6) Den Speicherplatz ausgewogen bemessen

In den Anfängen der Desktop-Virtualisierung wurden Eins-zu-eins-Kopien der physischen Maschinen als virtuelle Abbilder im Plattenspeicher vorgehalten. Das verbrauchte zu viele Ressourcen und war damit zu teuer. Das Kapazitätsproblem hat sich mittlerweile entschärft. Die Hersteller haben ihre Produkte um Technologien ergänzt, die es ermöglichen, von einem Basis-Image mehrere virtuelle Desktops zur Verfügung zu stellen. So reicht es beispielsweise aus, für jede Benutzergruppe nur noch ein Basis-Image zu erstellen und zu pflegen. Von diesem Image werden im laufenden Betrieb individuelle Instanzen für die jeweiligen Benutzer erstellt und nur noch die Deltas zum Basis-Image gespeichert.

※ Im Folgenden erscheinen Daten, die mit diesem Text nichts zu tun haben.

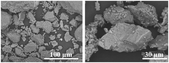 Well-sorted, fine-grained quartz-feldspar sands with single rock fragments, amphibole grains, and hematite and mica particles represent the material of the Ahb and Eb horizons of Paleosoil 1. Quartz and coarse feldspar grains are often characterized by close-to-perfect roundness, which is generally characteristic of the aeolian sands of the Ob–Tomsk interfluve [30]. Organo-ferruginous coatings and adhered particles of fine silt are noticeable on the surfaces of individual grains in the Ahb horizon. Coatings on grains in the Eb horizon are almost absent. Angular mineral grains from the fraction of coarse silt and very fine sand often have traces of crushing (Figure 6).

Hier ist genau zu analysieren, welche Benutzer mit welchen Applikationen und auf welchem Betriebssystem arbeiten und welche Auswirkungen dies auf die Plattenkapazität hat, um den Speicher entsprechend zu bemessen.

7) Bandbreite für schnelle Übertragungsprotokolle

Bei der Bereitstellung virtueller Windows-PCs sind Citrix mit dem ICA-Protokoll und HDX sowie VMware mit RDP beziehungsweise PC over IP weit verbreitet. Inzwischen unterstützen diese Protokolle auch datendurchsatzstarke Anwendungen für Multimedia-, 3D- und CAD-Anwendungen. Auch das Drucken wurde verbessert.

Die Protokollauswahl richtet sich nach den Anforderungen der Benutzergruppen und den bereitzustellenden Anwendungen. Die Abschätzung der Bandbreiten orientiert sich vor allem an den Benutzergruppen. Die Übertragungskapazität wird durchgängig bis ins Rechenzentrum auf die virtuelle Maschine benötigt. Was im LAN meist kein Problem darstellt, kann bei der Bereitstellung über das WAN bedeuten, dass eine leistungsfähigere Internet-Anbindung vorhanden sein muss. Es kommt auch hier auf die Standardisierung der Benutzergruppen an, um die benötigte Bandbreite abhängig vom Benutzerverhalten abzuschätzen.

8) Strukturen und Prozesse automatisieren

Ob Storage, Server, Netz, Applikationen, Systeme oder Support, die Desktop-Virtualisierung betrifft alle Bereiche der IT. Prozesse aus unterschiedlichen Abteilungen sind zu integrieren, und Anforderungen von Mitarbeitern aus verschiedenen Fachabteilungen wollen berücksichtigt werden. Jedoch sollte ein solches Projekt nicht in einem Wunschkonzert der Anwender enden. Es ist ein erprobter Lösungsweg, zunächst nur zentrale Komponenten zu standardisieren und anschließend die entworfenen Prozesse zu automatisieren.

Aus den definierten Standards entstehen schließlich IT-Dienste, die über einen Servicekatalog im Intranet-Portal angeboten werden. Diese Leistungen können Kunden oder Mitarbeiter direkt aktivieren und erhalten so neue IT-Ressourcen auf Mausklick. (pg/jha)

Andreas Kohne ist IT-Management-Consultant bei der Materna GmbH in Dortmund.